17 Feb 2025 | Yuxuan Wang, Xuanyu Yi, Zike Wu, Na Zhao, Long Chen, and Hanwang Zhang
The paper introduces View-Consistent Editing (VcEDIT), a novel framework for 3D Gaussian Splatting (3DGS) editing that addresses the issue of multi-view inconsistency in image-guided 3D editing. VcEDIT seamlessly integrates 3DGS into the image editing process, ensuring multi-view consistency in the guidance images, thereby mitigating mode collapse and improving editing quality.
Key contributions of VcEDIT include:
1. **Consistency Modules**: Two innovative modules, the Cross-attention Consistency Module (CCM) and the Editing Consistency Module (ECM), are designed to reduce multi-view inconsistencies.
- **CCM**: Consolidates multi-view cross-attention maps to harmonize the model's attention across views.

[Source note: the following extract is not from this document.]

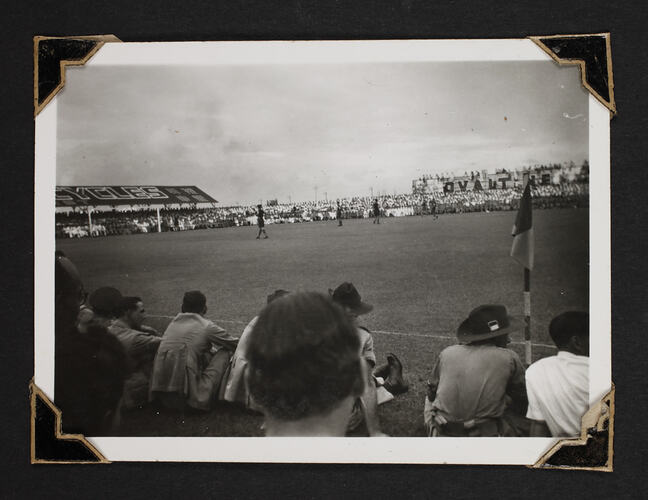Hand written in white ink on album page; 'R.A.F. VERSUS CHINESE / AT ANSON ROAD STADIUM. / GRAND FINAL SOCCER PREMIERSHIP. / (WON BY R.A.F. AFTER DRAW IN FIRST GAME.)'

- **ECM**: Calibrates multi-view inconsistent editing outputs by fine-tuning a source-cloned 3DGS model and rendering it back to images.
2. **Iterative Pattern**: An iterative pattern is introduced to continuously refine the 3DGS and image guidance, ensuring consistent and high-quality edits.

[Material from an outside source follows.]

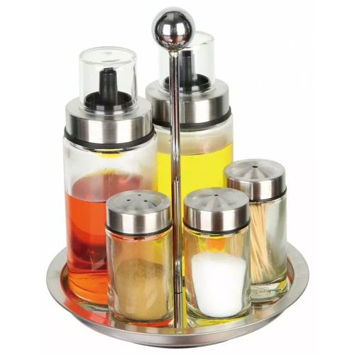 The set includes 2 dispensers, salt shaker, pepper shaker, toothpick holder and rotary stand.

Experiments demonstrate that VcEDIT outperforms existing methods in various real-world scenes, including face, object, and large-scale scene editing. The framework effectively handles intricate transformations and large-scale adjustments, providing superior editing results with minimal artifacts.
The paper also includes ablation studies to validate the effectiveness of the consistency modules and an analysis of the iterative pattern's impact on editing quality. Overall, VcEDIT sets a new standard for text-driven 3D model editing, offering a robust solution to multi-view inconsistency in 3DGS editing.The paper introduces View-Consistent Editing (VcEDIT), a novel framework for 3D Gaussian Splatting (3DGS) editing that addresses the issue of multi-view inconsistency in image-guided 3D editing. VcEDIT seamlessly integrates 3DGS into the image editing process, ensuring multi-view consistency in the guidance images, thereby mitigating mode collapse and improving editing quality.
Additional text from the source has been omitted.